Practical Challenges to Deploying Highly Automated Vehicles
1:40pm - 3:00pm
1605 Tilia, Room 1103, West Village
This talk introduces some history of road vehicle automation and the SAE terminology for describing and classifying driving automation systems. It then focuses on the importance of connectivity of vehicles (vehicle-vehicle and vehicle-infrastructure) in order for automation to have favorable, rather than unfavorable, impacts on traffic congestion, smoothness, safety and energy/environmental impacts. The primary technical challenges in perception and safety assurance are then discussed, leading to conservative estimates of the time that is likely to be needed to introduce driving automation systems of different levels of capability in different operational design domains, and the additional time that will be needed for these systems to permeate the active vehicle fleet.

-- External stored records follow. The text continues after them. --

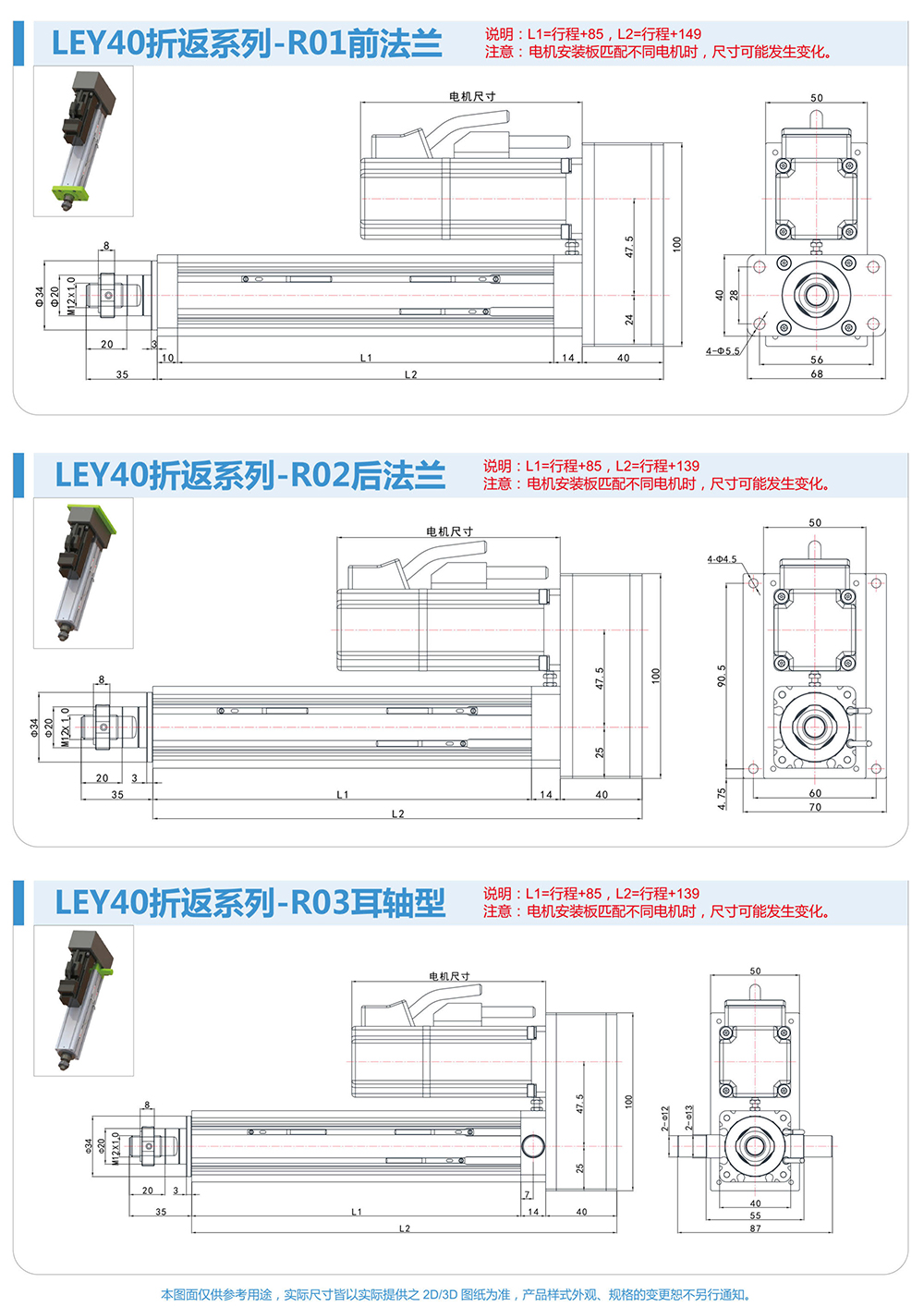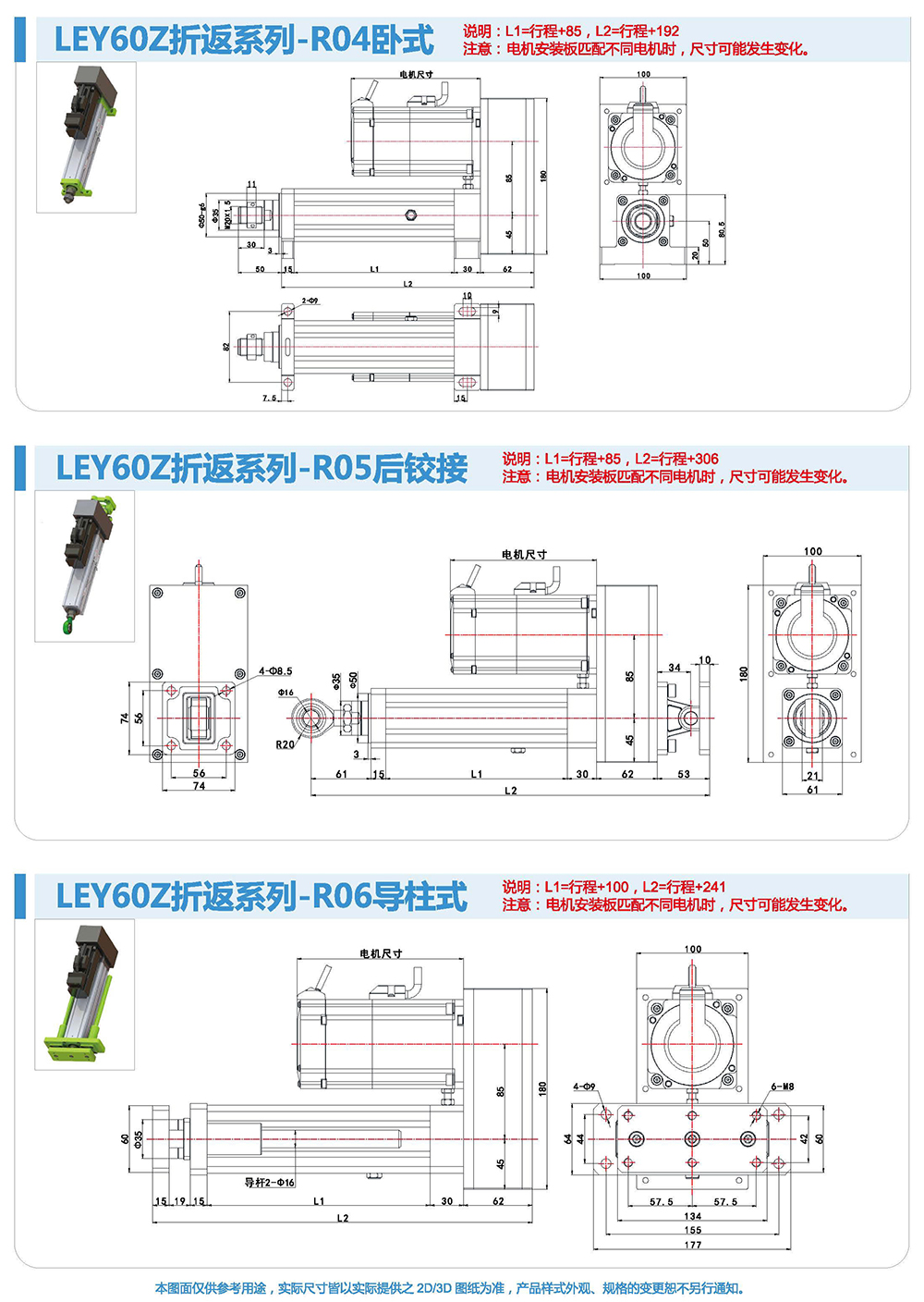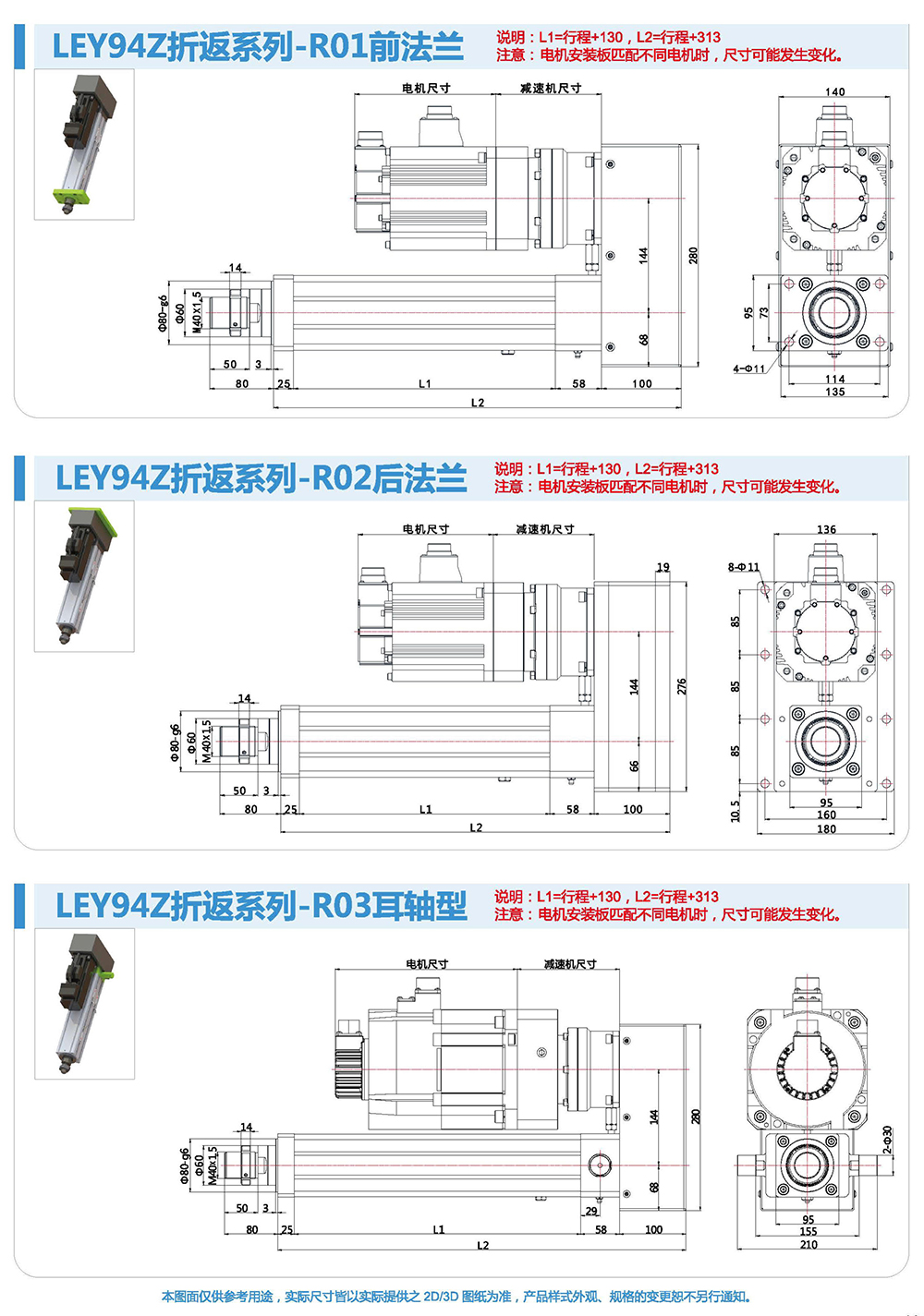 折返式電動(dòng)缸由于整體長(zhǎng)度短,適用于安裝位置比較小的場(chǎng)合。同時(shí)本方案選用的同步帶,具有強(qiáng)度高、間隙小壽命長(zhǎng)的特點(diǎn),使整個(gè)電動(dòng)缸具有較高的控制性和控制精度。伺服電機(jī)與電動(dòng)缸配合靈活,安裝容易,設(shè)定簡(jiǎn)單,使用方便。
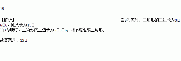 已知等腰三角形的两边长分别为3和6,则它的周长等于_______。
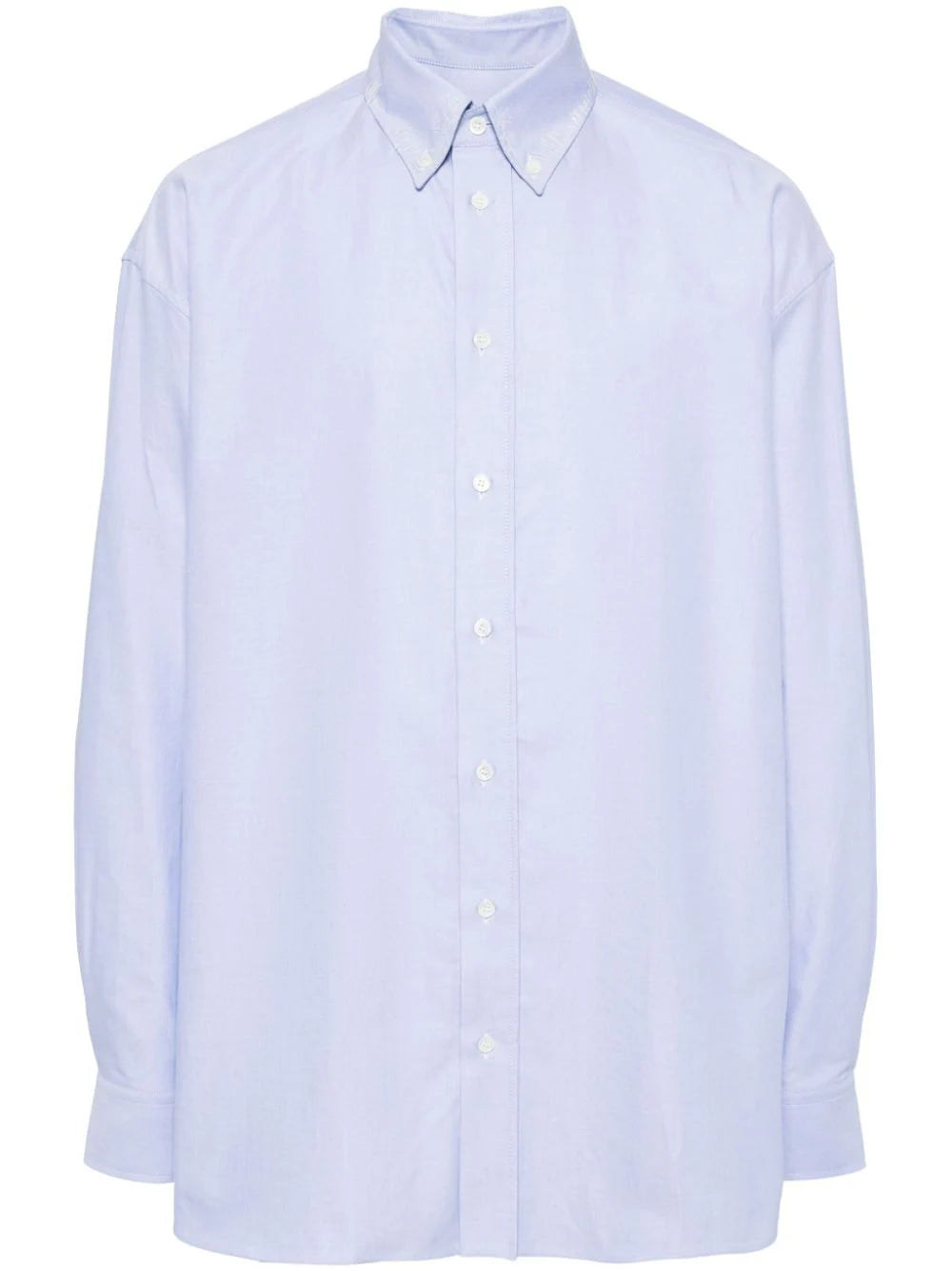 light blue cotton button-down collar front button placket drop shoulder long sleeves buttoned cuffs curved hem

Dr. Steven Shladover has been researching road vehicle automation systems for 45 years, beginning with his masters and doctoral theses at M.I.T. He was the Program Manager, Mobility at the California PATH Program of the Institute of Transportation Studies of the University of California at Berkeley until his retirement in November 2017. He led PATH’s pioneering research on automated highway systems, including its participation in the National Automated Highway Systems Consortium from 1994-98, and has continued research on fully and partially automated vehicle systems since then. This work has included definition of operating concepts, modeling of automated system operations and benefits, and design, development and testing of full-scale prototype vehicle systems. His target applications have included cooperative adaptive cruise control, automated truck platoons, automated buses and fully-automated vehicles in an automated highway system.
Dr. Shladover joined the PATH Program in 1989, after eleven years at Systems Control, Inc. and Systems Control Technology, Inc., where he led the company’s efforts in transportation systems engineering and computer-aided control engineering software products. He chaired the Transportation Research Board (TRB) Committee on Intelligent Transportation Systems from 2004-2010, and currently chairs the TRB Committee on Vehicle-Highway Automation. Dr. Shladover leads the U.S. delegation to ISO/TC204/WG14, which is developing international standards for “vehicle-roadway warning and control systems”.